| EXERCISE |
Only the text is wanted; write out each record below exactly and exclude all pictures.

--- DATA FOR THE TASK Enclosed Below ---

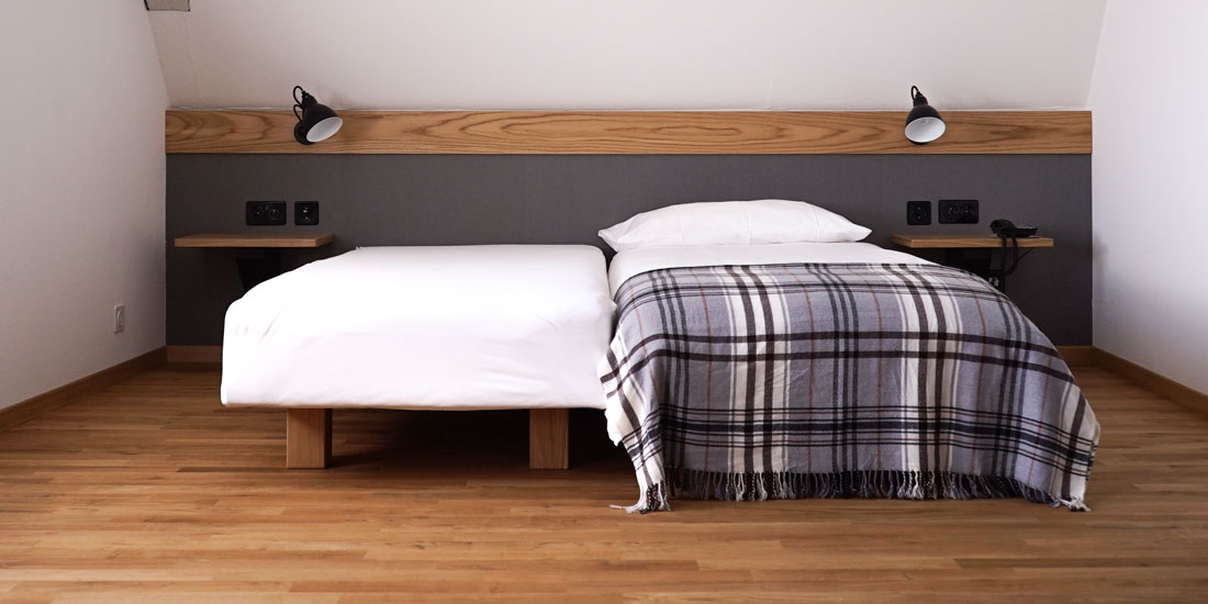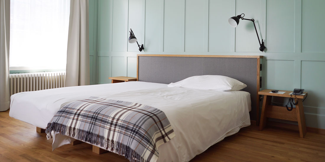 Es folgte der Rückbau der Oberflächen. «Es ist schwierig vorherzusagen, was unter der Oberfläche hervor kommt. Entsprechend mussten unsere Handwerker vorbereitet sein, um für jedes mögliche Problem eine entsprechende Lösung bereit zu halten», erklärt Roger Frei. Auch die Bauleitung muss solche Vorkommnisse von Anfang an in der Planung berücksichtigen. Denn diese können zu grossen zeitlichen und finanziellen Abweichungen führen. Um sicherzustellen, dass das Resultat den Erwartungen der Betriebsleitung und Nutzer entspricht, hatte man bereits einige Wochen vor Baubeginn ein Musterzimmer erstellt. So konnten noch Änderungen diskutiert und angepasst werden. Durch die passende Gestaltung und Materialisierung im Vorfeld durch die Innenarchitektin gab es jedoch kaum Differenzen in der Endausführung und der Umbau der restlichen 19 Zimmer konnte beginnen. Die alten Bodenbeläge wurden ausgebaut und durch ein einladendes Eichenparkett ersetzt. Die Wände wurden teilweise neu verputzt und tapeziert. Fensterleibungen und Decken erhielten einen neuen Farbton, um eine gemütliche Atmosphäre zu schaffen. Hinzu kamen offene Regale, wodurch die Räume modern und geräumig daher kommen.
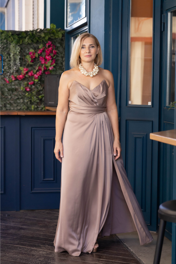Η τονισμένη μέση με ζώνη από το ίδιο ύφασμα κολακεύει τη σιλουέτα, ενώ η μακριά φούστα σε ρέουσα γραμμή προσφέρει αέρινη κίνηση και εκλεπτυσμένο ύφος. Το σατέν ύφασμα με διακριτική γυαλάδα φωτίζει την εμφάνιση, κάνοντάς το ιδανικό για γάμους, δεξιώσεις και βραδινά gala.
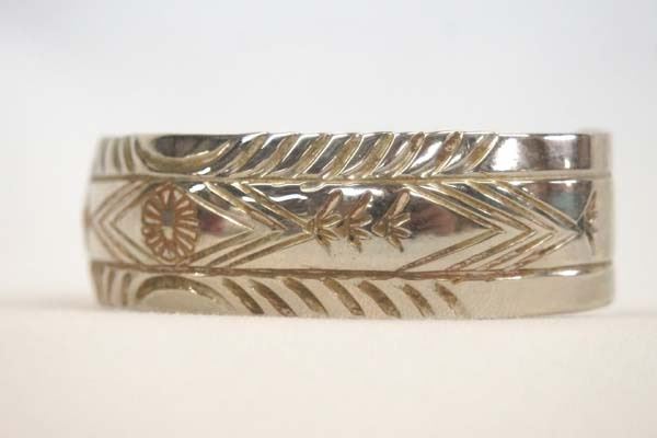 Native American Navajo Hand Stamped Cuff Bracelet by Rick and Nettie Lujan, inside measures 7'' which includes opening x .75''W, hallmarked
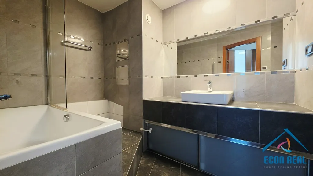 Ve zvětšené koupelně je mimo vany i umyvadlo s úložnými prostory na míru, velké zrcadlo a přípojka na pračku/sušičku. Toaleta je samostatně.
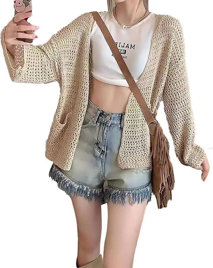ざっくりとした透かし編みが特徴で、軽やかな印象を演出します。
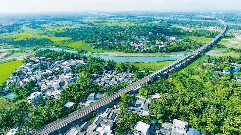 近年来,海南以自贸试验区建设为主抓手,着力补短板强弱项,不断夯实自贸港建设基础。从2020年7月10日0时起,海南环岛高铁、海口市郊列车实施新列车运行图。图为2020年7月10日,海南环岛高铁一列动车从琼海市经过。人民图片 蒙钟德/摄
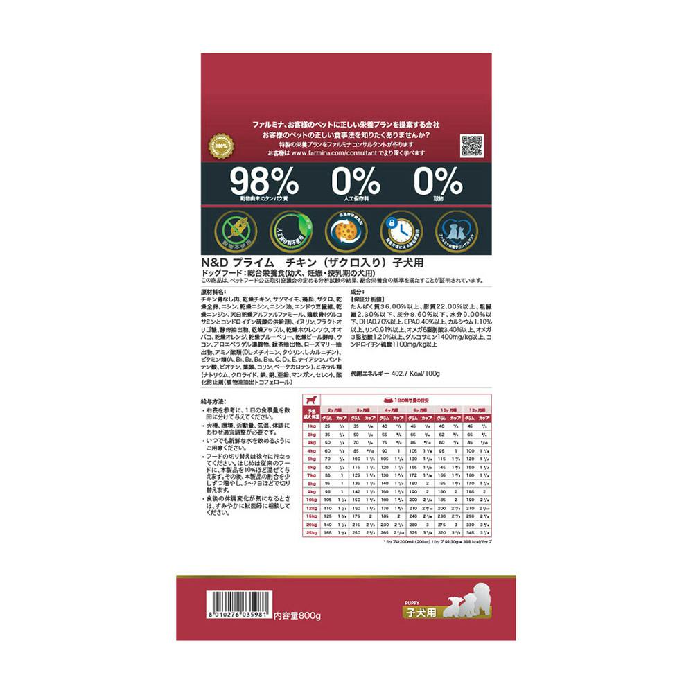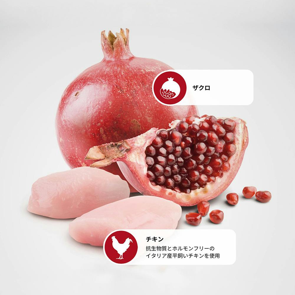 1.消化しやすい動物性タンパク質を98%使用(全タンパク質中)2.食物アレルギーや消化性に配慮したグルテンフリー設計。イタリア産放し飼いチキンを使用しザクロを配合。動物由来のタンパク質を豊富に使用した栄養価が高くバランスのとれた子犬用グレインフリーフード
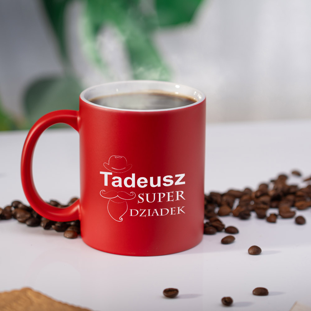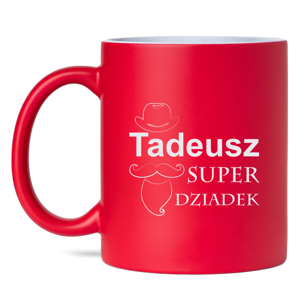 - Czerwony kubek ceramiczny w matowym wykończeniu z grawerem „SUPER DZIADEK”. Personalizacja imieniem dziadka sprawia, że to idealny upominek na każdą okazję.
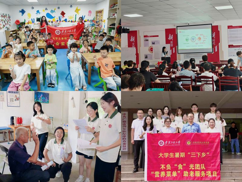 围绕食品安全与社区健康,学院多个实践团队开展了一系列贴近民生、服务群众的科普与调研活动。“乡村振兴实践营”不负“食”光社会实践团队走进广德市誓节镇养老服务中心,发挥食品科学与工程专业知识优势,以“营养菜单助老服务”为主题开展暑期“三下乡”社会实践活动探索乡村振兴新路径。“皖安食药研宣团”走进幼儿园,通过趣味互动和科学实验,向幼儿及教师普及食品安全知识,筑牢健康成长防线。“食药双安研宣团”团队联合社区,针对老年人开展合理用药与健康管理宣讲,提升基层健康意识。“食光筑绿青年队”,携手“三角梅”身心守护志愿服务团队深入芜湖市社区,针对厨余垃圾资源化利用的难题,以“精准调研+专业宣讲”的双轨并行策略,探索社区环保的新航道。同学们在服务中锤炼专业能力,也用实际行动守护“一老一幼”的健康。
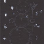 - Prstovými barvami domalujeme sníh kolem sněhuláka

--- End of Enclosed DATA FOR THE TASK ---

| YOUR SOLUTION |
 Es folgte der Rückbau der Oberflächen. «Es ist schwierig vorherzusagen, was unter der Oberfläche hervor kommt. Entsprechend mussten unsere Handwerker vorbereitet sein, um für jedes mögliche Problem eine entsprechende Lösung bereit zu halten», erklärt Roger Frei. Auch die Bauleitung muss solche Vorkommnisse von Anfang an in der Planung berücksichtigen. Denn diese können zu grossen zeitlichen und finanziellen Abweichungen führen. Um sicherzustellen, dass das Resultat den Erwartungen der Betriebsleitung und Nutzer entspricht, hatte man bereits einige Wochen vor Baubeginn ein Musterzimmer erstellt. So konnten noch Änderungen diskutiert und angepasst werden. Durch die passende Gestaltung und Materialisierung im Vorfeld durch die Innenarchitektin gab es jedoch kaum Differenzen in der Endausführung und der Umbau der restlichen 19 Zimmer konnte beginnen. Die alten Bodenbeläge wurden ausgebaut und durch ein einladendes Eichenparkett ersetzt. Die Wände wurden teilweise neu verputzt und tapeziert. Fensterleibungen und Decken erhielten einen neuen Farbton, um eine gemütliche Atmosphäre zu schaffen. Hinzu kamen offene Regale, wodurch die Räume modern und geräumig daher kommen.
Η τονισμένη μέση με ζώνη από το ίδιο ύφασμα κολακεύει τη σιλουέτα, ενώ η μακριά φούστα σε ρέουσα γραμμή προσφέρει αέρινη κίνηση και εκλεπτυσμένο ύφος. Το σατέν ύφασμα με διακριτική γυαλάδα φωτίζει την εμφάνιση, κάνοντάς το ιδανικό για γάμους, δεξιώσεις και βραδινά gala.
 Native American Navajo Hand Stamped Cuff Bracelet by Rick and Nettie Lujan, inside measures 7'' which includes opening x .75''W, hallmarked
 Ve zvětšené koupelně je mimo vany i umyvadlo s úložnými prostory na míru, velké zrcadlo a přípojka na pračku/sušičku. Toaleta je samostatně.
ざっくりとした透かし編みが特徴で、軽やかな印象を演出します。
 近年来,海南以自贸试验区建设为主抓手,着力补短板强弱项,不断夯实自贸港建设基础。从2020年7月10日0时起,海南环岛高铁、海口市郊列车实施新列车运行图。图为2020年7月10日,海南环岛高铁一列动车从琼海市经过。人民图片 蒙钟德/摄
 1.消化しやすい動物性タンパク質を98%使用(全タンパク質中)2.食物アレルギーや消化性に配慮したグルテンフリー設計。イタリア産放し飼いチキンを使用しザクロを配合。動物由来のタンパク質を豊富に使用した栄養価が高くバランスのとれた子犬用グレインフリーフード
 - Czerwony kubek ceramiczny w matowym wykończeniu z grawerem „SUPER DZIADEK”. Personalizacja imieniem dziadka sprawia, że to idealny upominek na każdą okazję.
 围绕食品安全与社区健康,学院多个实践团队开展了一系列贴近民生、服务群众的科普与调研活动。“乡村振兴实践营”不负“食”光社会实践团队走进广德市誓节镇养老服务中心,发挥食品科学与工程专业知识优势,以“营养菜单助老服务”为主题开展暑期“三下乡”社会实践活动探索乡村振兴新路径。“皖安食药研宣团”走进幼儿园,通过趣味互动和科学实验,向幼儿及教师普及食品安全知识,筑牢健康成长防线。“食药双安研宣团”团队联合社区,针对老年人开展合理用药与健康管理宣讲,提升基层健康意识。“食光筑绿青年队”,携手“三角梅”身心守护志愿服务团队深入芜湖市社区,针对厨余垃圾资源化利用的难题,以“精准调研+专业宣讲”的双轨并行策略,探索社区环保的新航道。同学们在服务中锤炼专业能力,也用实际行动守护“一老一幼”的健康。
 - Prstovými barvami domalujeme sníh kolem sněhuláka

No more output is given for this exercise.